Rodney Reed’s appeal to test DNA taken up by Supreme Court

The decades-long struggle to free Rodney Reed from death row has now reached the Supreme Court. Rodney Reed is a Black man who was convicted in 1998 of the rape and murder of Stacey Stites in Bastrop County, Texas. Since the trial, increasing evidence has come to light that Stites was likely murdered by her own fiancé, but Reed has been denied a new trial based on this evidence.

The Supreme Court has now heard oral arguments from Reed’s defense, demanding that proper DNA testing be conducted that could exonerate him. At the heart of the matter is an obscene question: Did Rodney Reed’s defense wait too long to request this DNA be tested? How long can an accused person request evidence of their own innocence before they are assumed forever to be guilty?

Reed’s conviction based on now-discredited evidence, faulty science

The prosecution built a narrative around the murder that is now contradicted by many expert analysts and new information.

The state of Texas’ entire case against Reed is based on selective use of DNA, highlighting some DNA evidence while refusing to test more relevant evidence that could contradict the prosecution’s claim. One of the key pieces of evidence against Reed was that his DNA was found in Stites’ body upon examination. Former coworkers and relatives of Stites, however, maintain that Reed and Stites had a consensual relationship while Stites was engaged to a Giddings, Texas, cop named Jimmy Fennell. The belt that was used to strangle Stites has never been tested for DNA.

The state of Texas argued that Stites was killed between 3 a.m. and 5 a.m. on April 23, 1996. But according to renowned forensic pathologist Michael Baden who testified in a 2017 hearing, Stites was actually killed before midnight on April 22. This timeframe was corroborated by two other leading experts and remains uncontradicted by the state. This is important because it means Stites would more likely have been in her own apartment, which she shared with Fennell, at the time she was murdered.

The state’s entire case against Reed is built on the presence of Reeds’ semen in Stites, but the reality is that this proves nothing about the murder. Department of Public Safety serologist Karen Blakley claimed that Reed’s intact spermatozoa meant that sperm could not have been left more than 26 hours before the examination, which would place Reed at the alleged time of the murder. However, in an affidavit admitting an error, Crime Lab Director Brady Mills testified that Blakley misstated the science. The presence of Reed’s sperm does not prove that Reed was at the crime scene, nor does it prove anything at all.

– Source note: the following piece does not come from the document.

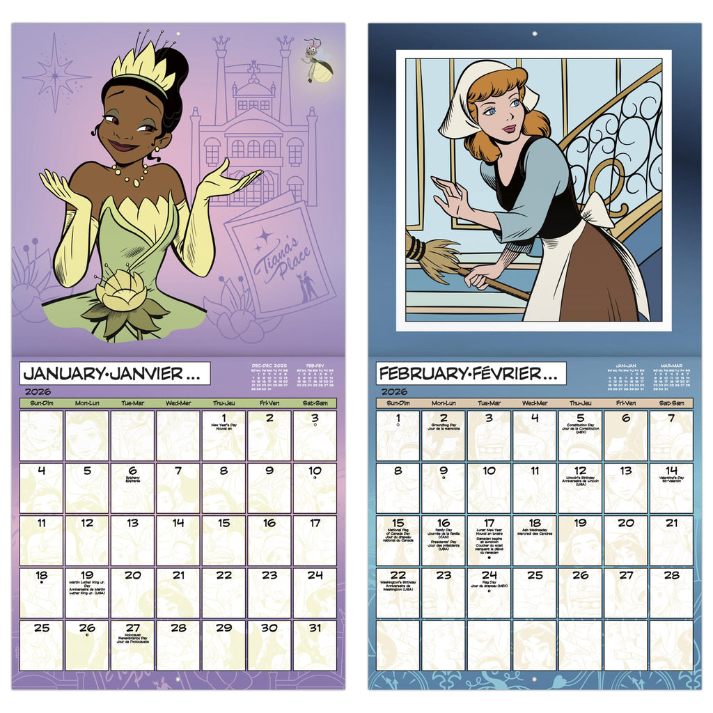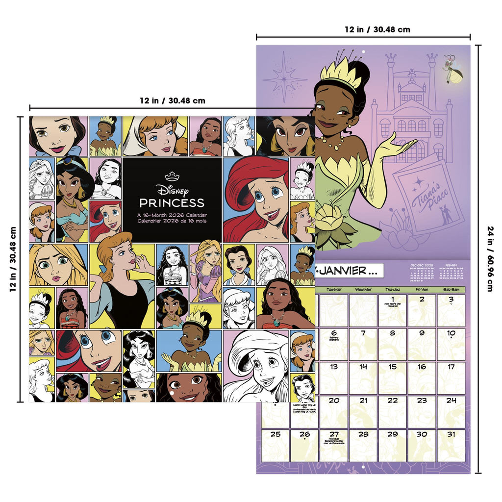 Vous êtes maître de votre destin ; nul besoin de magie, mais vous avez besoin du calendrier des Princesses Disney 2026. À votre image, elles sont fortes, belles, intemporelles et pleines de ressources, et vous guideront et vous inspireront tout au long de l’année. Ce calendrier mural de seize mois présente des pages mensuelles de janvier à décembre 2026, ainsi qu’une page regroupant les quatre derniers mois de 2025. Chaque page mensuelle inclut les jours fériés et les phases de la lune, avec suffisamment d’espace pour noter vos tâches et rendez-vous et ainsi vous aider à rester organisé(e). Il comprend 13 images de haute qualité imprimées sur du papier premium certifié FSC (Forest Stewardship Council). Idéal pour décorer un mur, un tableau d’affichage ou un panneau d’affichage à la maison, à l’école ou au bureau.

Prosecutors zero in on Reed while letting corrupt, abusive fiancé off the hook

Fennell was an initial suspect in Stites’s murder, but he managed to avoid further investigation. According to Bastrop Sheriff’s Officer Curtis Davis, a friend of Fennell, Fennell gave an inconsistent account of his location during the murder. Fennell told Davis that he was out drinking on the night of the murder, but later claimed he was with Stites in their apartment that night when, according to three forensic examiners, Stites was likely murdered. When asked to explain the discrepancy, Fennell declined to testify, asserting his Fifth Amendment right to avoid self-incrimination. 

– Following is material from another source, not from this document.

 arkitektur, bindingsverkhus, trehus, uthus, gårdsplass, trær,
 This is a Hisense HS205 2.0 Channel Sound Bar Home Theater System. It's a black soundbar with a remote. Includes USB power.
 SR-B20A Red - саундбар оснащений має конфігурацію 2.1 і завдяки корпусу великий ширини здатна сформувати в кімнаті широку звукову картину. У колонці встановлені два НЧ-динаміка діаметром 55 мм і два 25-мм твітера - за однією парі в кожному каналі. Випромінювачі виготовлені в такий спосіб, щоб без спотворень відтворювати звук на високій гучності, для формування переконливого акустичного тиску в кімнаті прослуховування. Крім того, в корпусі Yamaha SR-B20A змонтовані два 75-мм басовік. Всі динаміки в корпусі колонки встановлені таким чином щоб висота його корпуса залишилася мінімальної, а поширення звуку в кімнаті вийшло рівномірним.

Aside from the logistical inconsistencies, multiple other witnesses have alleged that Fennell abused Stites and threatened her life. One such affidavit was filed by an unnamed life insurance agent who interacted with Fennell during a work function. At this event, the agent was assisting Stites with filling out a life insurance policy. Stites remarked, “I really don’t know why I need life insurance since I am so young.” The agent says that in response to that comment, “[Fennell], in my presence told her ‘if I ever catch you messing around on me, I will kill you and no one will ever know it was me that killed you.’ I remember it well because of the tone of voice that he used. It was not presented as a joke. That concerned me and still concerns me today, because I took it as a threat on her life.”

Other former cops have even claimed that Fennell made disparaging remarks about Stites at her own funeral. Jim Clampit, former deputy with the Lee County Sheriff’s Office, testified that Fennell said “something along the lines of ‘you got what you deserved,’” directing his comment at Ms. Stites’ body lying in the coffin. Cynthia Schmidt, former Giddings dispatcher, also testified that Fennell said “at least the b***h got to wear the damn dress,” referring to Stites being buried in what would have been her wedding dress.

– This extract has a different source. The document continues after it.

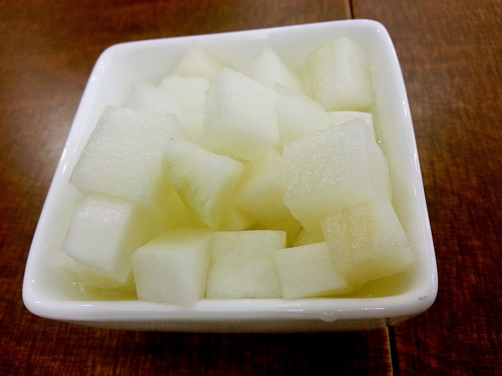 腌萝卜端上时看起来就是白萝卜被切成小丁浸在透明的腌醬里,一口咬下时说实话我有被惊艳到,萝卜爽脆,酱汁酸甜适中,好吃!!

There were multiple indicators that Fennell and Stites’ relationship was abusive. Susan Hugen, one of Stites’ former coworkers, testified that she saw hand marks on Stites’ wrists. Hugen said she believed that Stites was in an abusive relationship because she herself was once in one and recognized the signs. 

Retired FedEx worker Richard Scroggins testified that he witnessed Fennell screaming obscenities at Stites in an HEB parking lot in 1996. According to Scroggins’ testimony, Fennell was yelling, “You lying, f***ing b***h, lying f***ing c**t.” Scroggins was apparently so shocked that he was “paralyzed by the screaming that lasted for a couple of minutes.” Fennell eventually turned to Scroggins and said, “What are you f***ing looking at, little man? This is none of your f***ing business.”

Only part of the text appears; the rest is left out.